Thomas Kretschmann in „Ballon“: Eigentlich hoffte er auf eine Komödie

Thomas Kretschmann spielt in Bullys Flucht-Thriller „Ballon“ einen DDR-Ermittler. Was seine eigene Flucht aus der DDR für die Dreharbeiten bedeutet hat, erklärt er im Interview.

Schauspieler Thomas Kretschmann (56, „Victoria, die junge Königin“) spielt im Flucht-Thriller „Ballon“ (Kinostart: 27. September) von Michael „Bully“ Herbig (50) Oberstleutnant Seidel, einen knallharten DDR-Ermittler. Wie es überhaupt dazu kam, dass er nach etlichen internationalen Filmen und Serien mal wieder in seiner Heimat drehte, erklärt der gebürtige Dessauer, der 1983 selbst aus der DDR geflohen ist, im Interview.

Wie kam es zur Zusammenarbeit mit Michael „Bully“ Herbig?

Thomas Kretschmann: Ich kenne Bully seit vielen Jahren und habe ihm gesagt, dass ich gerne mal mit ihm drehen würde, weil ich ihn wirklich toll finde. Eigentlich hatte ich dabei an eine Komödie gedacht, weil ich gern mal etwas Lustiges machen würde. Dann kam aber das Buch zu „Ballon“ und das las sich so gut, dass ich nicht lange überlegen musste.

Obwohl es Bullys erster Thriller ist?

Kretschmann: Ja. Dass das Genre Thriller Neuland für ihn ist, daraus hat er keinen Hehl gemacht. Beunruhigt hat es mich aber nicht. Denn ich bin ja selbst aus der DDR geflüchtet und daher bei diesem Thema mal wirklich Experte. Ich weiss genau, was stimmt und was nicht. Und schon im Buch hat alles gestimmt. Ich habe den Osten sofort wieder gerochen, diesen Druck – und meine Vergangenheit.

Wie war Bully am Set?

Kretschmann: Bully hat ein wahnsinniges Gespür für Timing und Feinheiten. Er ist sehr genau. Ich habe mich allerdings regelmässig darüber gewundert, woher ausgerechnet ein Bayer so ein gutes Gespür für das Thema hat? Alles in allem ist es einfach ein grossartiger Film geworden, Bully ist ein ganz grosser Regisseur.

Was halten Sie von Ihrer Rolle Oberstleutnant Seidel?

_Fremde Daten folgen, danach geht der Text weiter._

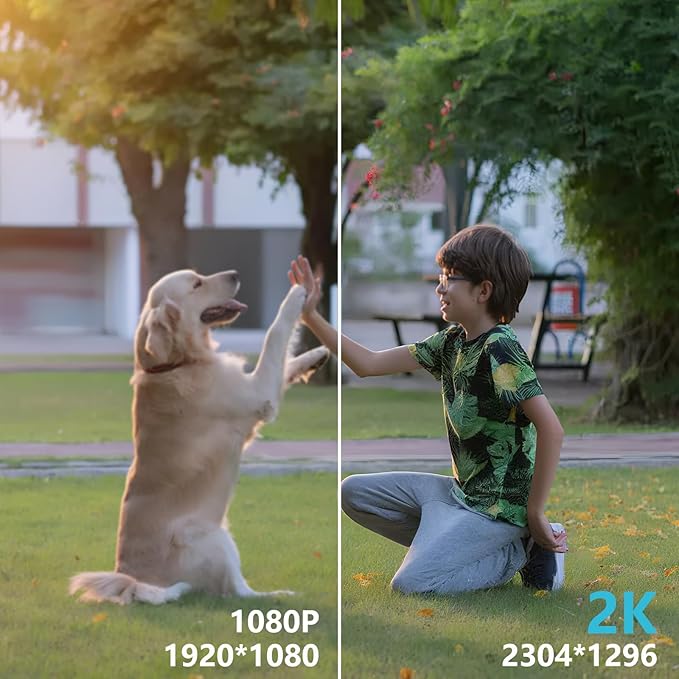 - [Sharper Details, Wider Coverage] Capture every corner with 2304×1296 Ultra 2K resolution—4× clearer than 1080P. A 350° horizontal and 90° vertical rotation range ensures full-room or full-yard visibility, while advanced color night vision delivers accurate footage even at night.

Kretschmann: Oberstleutnant Seidel ist der Spürhund und nicht auf den Kopf gefallen. Er verkörpert das System. Ich habe versucht, ihn relativ leise, dafür aber umso gefährlicher zu spielen. Solche Leute habe ich damals unter anderem in der Sportschule auch kennengelernt. Denen war man einfach ausgeliefert. Ihr einziger Anspruch war die Unterwerfung. Und wenn man das nicht konnte oder wollte oder nicht mitgemacht hat, dann ist man im Leben auch nicht sehr weit gekommen.

Sie haben das schon früh erkannt und sich für die Flucht entschieden…

Kretschmann: Erkannt haben es viele. Zu flüchten, war aber ein sehr grosses Risiko. Daher glaube ich, dass die meisten Menschen gegangen wären, wenn sie sich getraut hätten. Oder wenn es die Umstände erlaubt hätten. Was die beiden Familien in echt und in unserem Film gewagt und durchgezogen haben, war eine grosse Ausnahme. Mit den Kindern auf dieser Plattform über die Wolken zu steigen, würde ich mich allerdings nicht trauen.

Wie sind Sie geflohen?

Kretschmann: Ich bin von Ungarn nach Jugoslawien über die Grenze gerannt. Ich hatte es zwar geplant, aber niemandem etwas erzählt, auch meinen Eltern nicht. So richtig vorbereiten konnte ich mich allerdings nicht, denn es gab keine Infos und Erkundigungen einzuholen, wäre zu gefährlich gewesen. Daher bin ich so ein bisschen auf Verdacht ins Blaue marschiert. Ich wusste damals auch nicht, ob das gut gehen wird oder nicht.

Was ist für Sie, abgesehen von der historischen Perspektive, das Wichtigste an dem Film?

Kretschmann: Der Film erinnert daran, was Menschen auf sich nehmen, um „nur“ frei zu sein. Und daran, wie wichtig Menschlichkeit und Eigenverantwortung sind. Er ist aber auch ein Appell an den Willen und das Herz.